Leur site : https://bacamaree.fr).

Des récolteurs en bord de rivière

Parallèlement à cela, ANPER-TOS va mettre en place un système de récolteurs de déchets en bord de rivières. Ces derniers seront disposés sur plusieurs kilomètres le long d’une rivière et permettront aux personnes se promenant de ramasser les déchets qu’ils trouvent et de les y déposer. Les déchets récoltés seront prélevés une fois par mois par l’Association afin de les quantifier, de les analyser et, in fine, de les traiter.

Prototype de récolteur a Sainte-Suzanne -sur-Vire
Prototype de récolteur à Sainte Suzanne sur Vire

De plus, à des fins de sensibilisation du public, le récolteur disposera sur son couvercle d’une affichette descriptive d’une espèce animale ou végétale vivant dans, sur ou à côté de la rivière adjacente.
Enfin, des interventions en milieu scolaire permettront de compléter ce processus à travers la présentation du fonctionnement de la rivière, des espèces animales et végétales qui y vivent et un nettoyage de berges (les déchets ramassés seraient bien-sûr comptabilisés dans le projet de récolteurs).

Récolteur saumon, récolteur triton, récolteur martin-pêcheur … Personne physique ou morale, vous pouvez devenir leur parrain ! 

En effet, chaque récolteur peut être parrainé pour un minimum de 10€ (sur lesquels sera appliquée une réduction fiscale).
En devenant parrain, vous pourrez, si vous le souhaitez, voir votre nom ou logo affiché sur votre récolteur et surtout, recevoir tous les mois le récapitulatif des déchets qui y sont récoltés. Un joli geste en faveur de la dépollution de nos cours d’eau
. » 

Ecrevisse et interdiction

ANPER sur la même longueur d’onde que le préfet de la Manche

En décembre dernier, notre délégation régionale parcourait le projet d’arrêté préfectoral relatif à l’exercice de la pêche  en eau douce sur le département de la Manche. Inquiète de la possibilité donnée aux pêcheurs d’écrevisses, nous avons alerté le préfet des risques inhérents à cette pêche.
Cette ouverture généralisée incite certaines personnes à transporter et introduire ces écrevisses exogènes ailleurs pour pouvoir les pêcher au plus près de chez elles, comme l’atteste, par exemple, la dissémination de l’espèce en amont et en aval des barrages de la Sélune et à partir du foyer originel d’introduction qui est la rivière la Gance.
Or, le règlement UE n°1143/2014 (…) impose que les états membres prennent toutes les mesures nécessaires pour prévenir l’introduction ou la propagation d’espèces exotiques envahissantes et parmi les 49 espèces sur la liste de la commission européenne on retrouve justement l’écrevisse américaine, l’écrevisse de Californie et l’écrevisse de Louisiane.

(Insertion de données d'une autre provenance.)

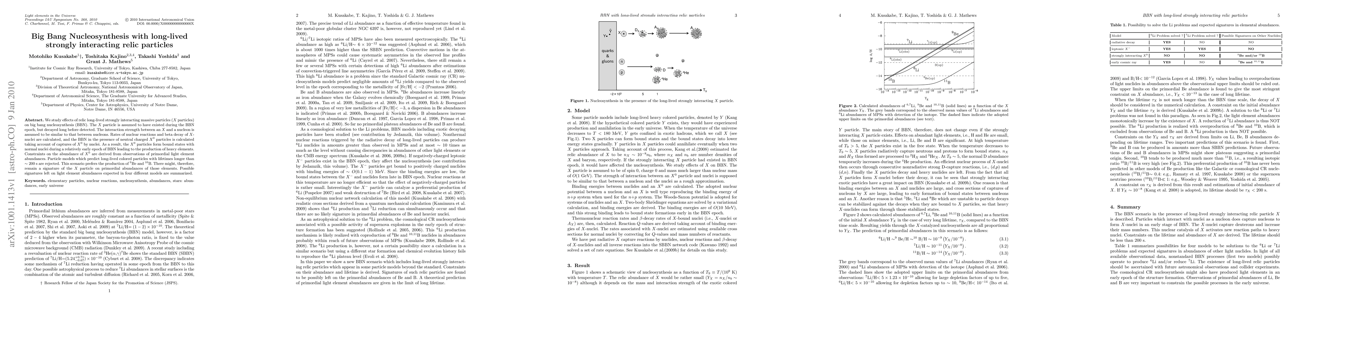 This paper investigates the impact of relic long-lived strongly interacting particles (X particles) on big bang nucleosynthesis (BBN) and finds that X^0 particles can form bound states with normal nuclei, influencing the production of heavy elements like 9Be and 10B. Constraints from primordial light element abundances suggest that particle models predicting long-lived colored particles with lifetimes longer than 200 seconds are unlikely.
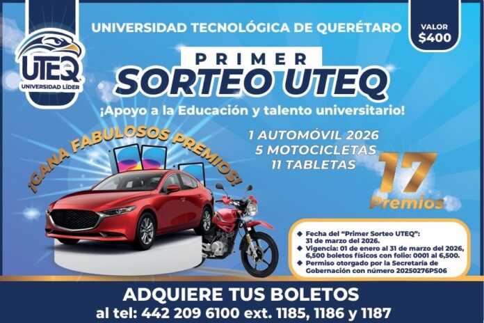 Al respecto, el rector, Luis Fernando Pantoja Amaro, explicó que este ejercicio contempla la emisión de seis mil 500 boletos, con un costo de 400 pesos cada uno, así como la entrega de diversos premios como: un automóvil Mazda 3 sedán, modelo 2026, así como cinco motocicletas Yamaha y 11 iPad Apple. El sorteo se realizará el 31 de marzo en las instalaciones de la UTEQ.
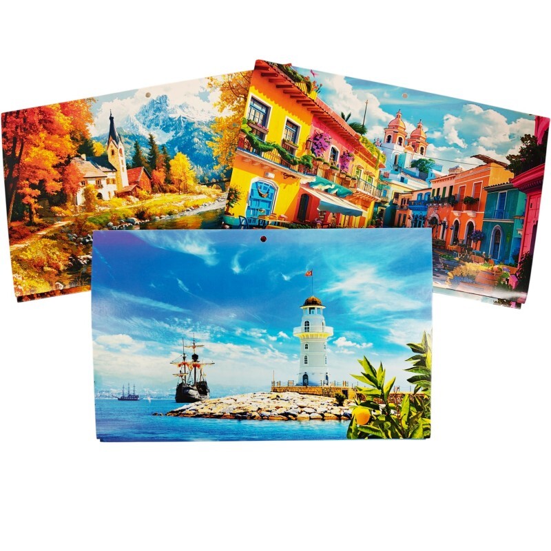 Kalendarz trójdzielny główka bez wypukłości.Plecy - karton 300 g białe lub kolorowe, bigowane.Kalendarium - 135x 295, trzy oddzielne kalendaria, kartki klejone, pod spodem dla usztywnienia karton 220g, druk dwukolorowy, papier 70g 3-języczne kalendarium,Główka zdjęcia - 210x320 - druk 4 kolory na...
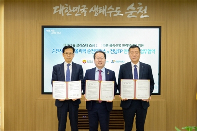 (재)전남테크노파크는 지난 26일 순천시청에서 금속산업 발전 및 중소기업 활성화를 위한 인력양성에 상호 협력하기 위한 업무협약을 순천시, 한국폴리텍대학(순천캠퍼스)과 체결했다고 밝혔다.
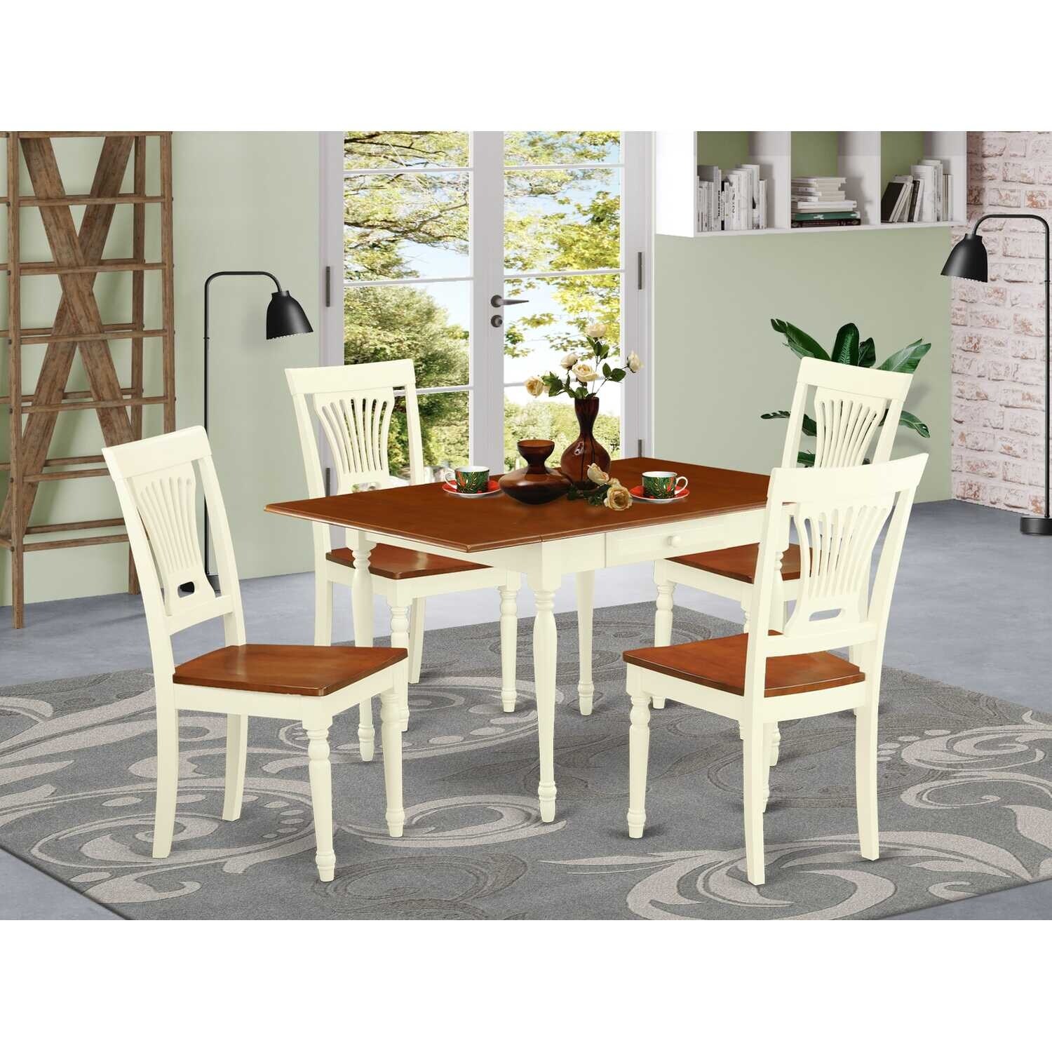 HomeStock 5-Pc Buttermilk and Cherry Solid Wood Top - Dining Room Set with Dropleaf - Seats 4
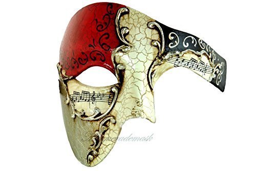 -. Binding : Toy -. Color : red/black/beige/gold -. Department : Costumes -. EAN : 0812522022947 -. Feature : Classic Phantom of the Opera Venetian Masquerade Mask. / This mask is hand made using the traditional papier mache technique and coated in a fine plaster resin. / Crafted to only cover 3/4 of the face finished with a one color acrylic paint for the with cracks effect. / Secured with silk ribbons. -. Label : Kayso -. Manufacturer : Kayso -. MPN : M2630 -. PartNumber : M2630 -. ProductGroup : Toy -. ProductTypeName : TOYS_AND_GAMES -. Publisher : Kayso -. Size : one size fits all -. Studio : Kayso -. Title : Phantom of the Opera Venetian Masquerade Mask -. UPC : 812522022947
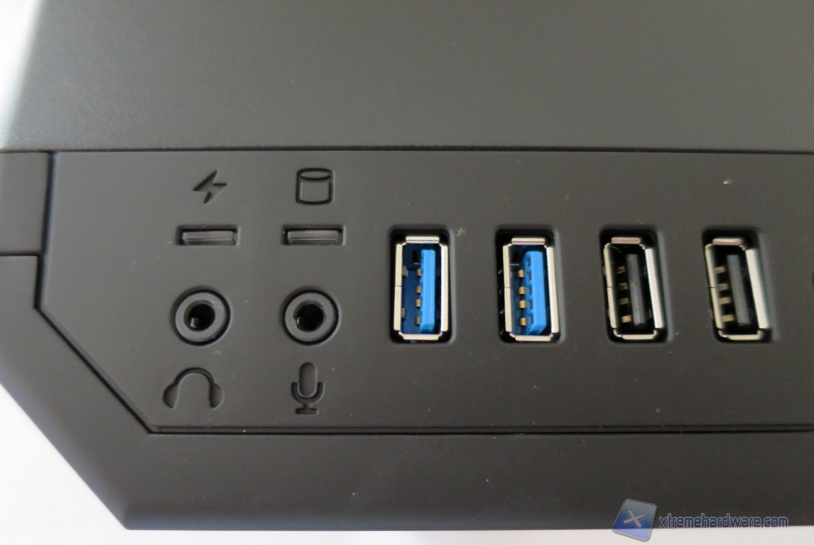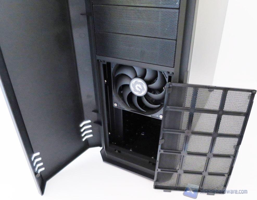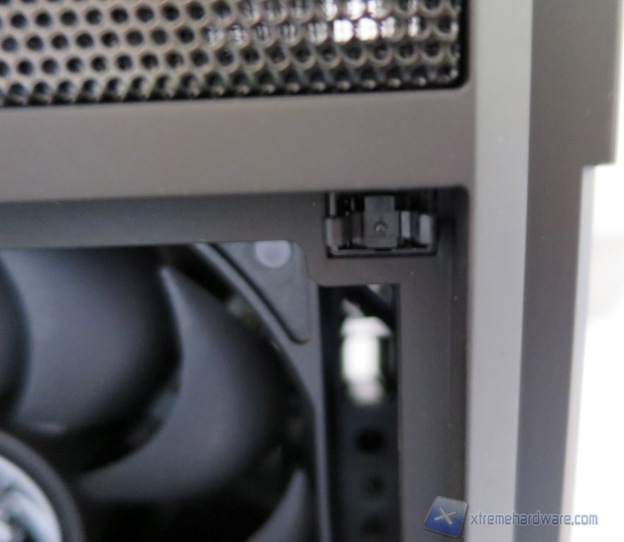 Il frontale del BitFenix Shadow è rivestito di una superfice Soft Touch molto bella al tatto ed alla vista. Spostandoci leggermente verso il basso possiamo notare il classico logo BitFenix in risalto ed ai lati alcune feritoie che sembrano le branchie di uno squalo, questo per rendere più aggressivo ma non meno elegante il BitFenix Shadow. La loro funzione principale è permettere il passaggio di aria fresca alle retrostanti ventole da 120mm. Il colore del frontale è completamente nero opaco, come per molti altri case dell’azienda taiwanese. Notiamo inoltre come il pannello frontale sia solo una semplice protezione per le unità da 5,25 pollici e per la griglia delle ventole: infatti, ci basterà aprire lo sportello/pannello per accedere al vero frontale composto da una griglia a più inserti per l’installazione di unità da 5,25 pollici. Tali griglie sono dotate di comodi filtri antipolvere. La griglia inferiore, dotata di filtro antipolvere in spugna per due ventole da 120mmm, si rimuove con due semplici click, premendo semplicemente verso l’interno. Questo perché la griglia è dotata di due fermi agganciati a due supporti nella parte interna del case. La rimozione e la pulizia del filtro è pertanto molto semplice. Dietro tale griglia si cela la ventola da 120 millimetri preinstallata ed è possibile montare un’ulteriore ventola, sempre da 120 millimetri. Analizzando la parte top/frontale troviamo le connessioni USB ed i vari pulsanti. Nel dettaglio troviamo partendo da sinistra le spie attività del PC e del nostro Hard Disk, due porte USB 3.0, due porte USB 2.0, il tasto per cambiare colore ai LED, il tasto per spegnere l’illuminazione a LED, il classico tasto per l’accensione e per finire quello del Reset. La parte superiore del BitFenix Shadow, invece, non presente aperture o griglie per l’installazione di radiatori o ventole aggiuntive nella parte alta del case.

Les différentes espèces d’écrevisses

Une interdiction de pêche permanente

Nous rappelions le potentiel reproducteur bien supérieur et la grande agressivité de ces écrevisses exotiques et le fait qu’elles peuvent être porteuses d’un champignon responsable de la peste des écrevisses.

Nous demandions, comme cela se fait déjà dans le Calvados, l’interdiction permanente de pêcher toutes les espèces d’écrevisses dans les eaux de 1ère catégorie et certaines de 2ième catégorie.

Le préfet a rendu public fin janvier son arrêté et il est allé dans le sens de nos demandes en interdisant en permanence toute pêche à l’écrevisse et dans tout le département quel que soit la catégorie des rivières.

Espérons que cela suffira protéger notre écrevisse à pieds blancs en état de disparition dans notre beau département de la Manche.